Abstract
Hot-press molding of glass-fiber-reinforced polypropylene (GFPP) laminates was monitored using embedded fiber Bragg gratings (FBGs) in unidirectional laminates. These sensors allowed the monitoring of process-induced strains. Because the cooling phase is critical in thermoplastics manufacturing, affecting crystallinity and ultimately residual strain, two metallic molds with different heat diffusion capacities were used (steel and aluminum). The optical sensors proved to efficiently characterize some material properties; for example, strain variations could be related to physical changes of the laminate, revealing key transition points such as the onset of melt or solidification. After the GFPP plates were released from the mold, residual strains were estimated. The longitudinal behavior is controlled by the behavior of the glass fibers.
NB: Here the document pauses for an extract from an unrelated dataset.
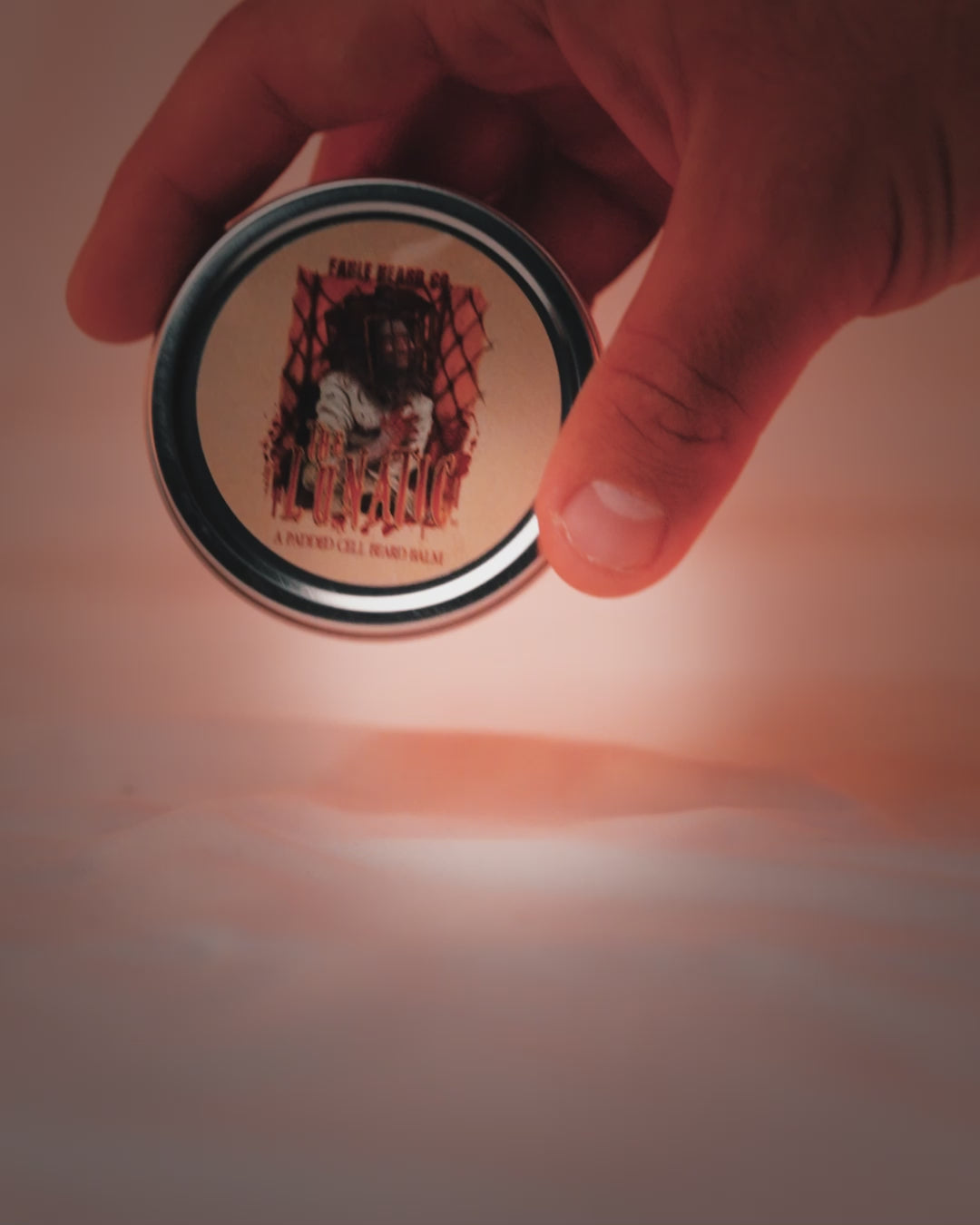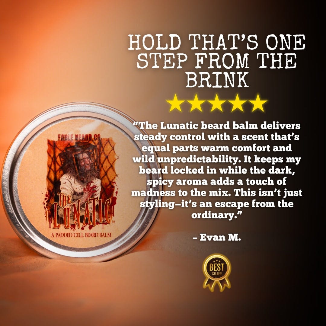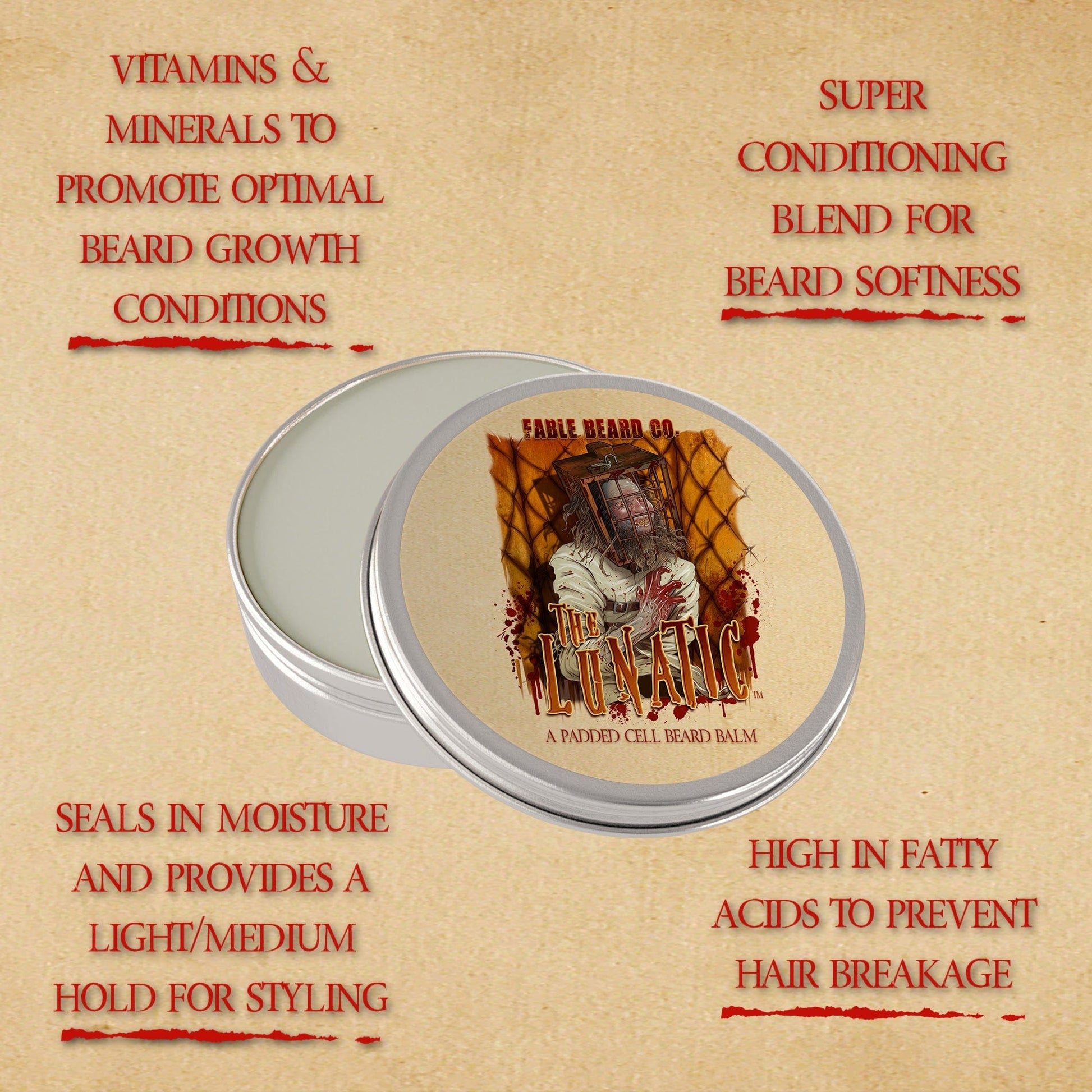 The Lunatic Beard Balm is crafted to shape, hydrate, and control while enveloping your beard in a scent that whispers your name from the void.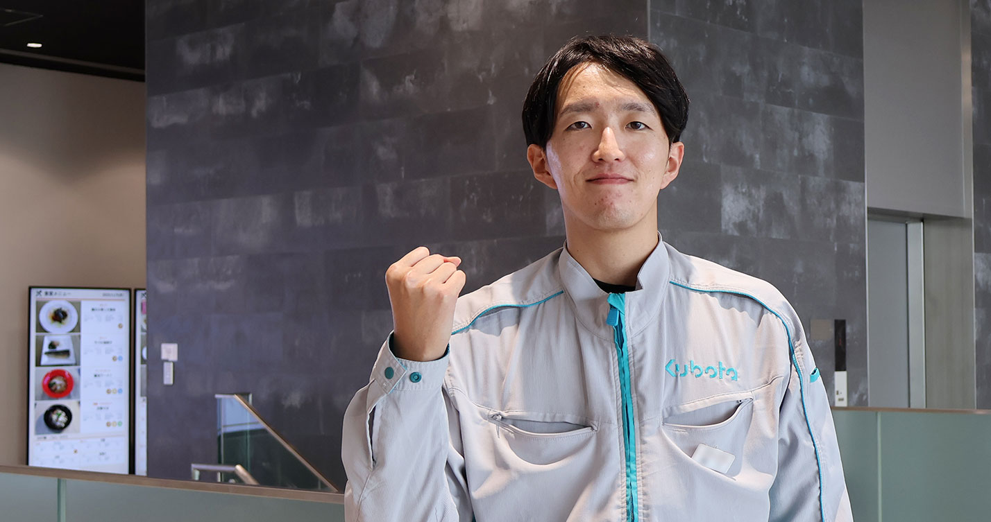 - クボタに興味を持ったきっかけは、大学の先輩が入社したことでした。その後、会社について調べる中で、「食料・水・環境」という人々の生活に欠かせない分野に貢献していることや、「現場主義」という理念に強く共感しました。この理念に惹かれ、クボタへの入社を決意しました。

The transverse residual strain of the laminate made with the aluminum mold is higher than that of the laminate made with the steel mold. The thermal expansion behavior was investigated during a post-process heating procedure. A particular behavior was observed at the first heating ramp for the laminate made with the steel mold, indicating that the relatively poor thermal diffusion had a significant influence on the crystalline microstructure. The thermal expansion coefficient is higher for the aluminum mold made laminate. A DSC (Differential Scanning Calorimetry) of both materials showed a similar degree of crystallinity after processing and a similar increase after the heat treatment. This suggested that the difference of thermal expansion properties is related to the initial strain state of the laminates.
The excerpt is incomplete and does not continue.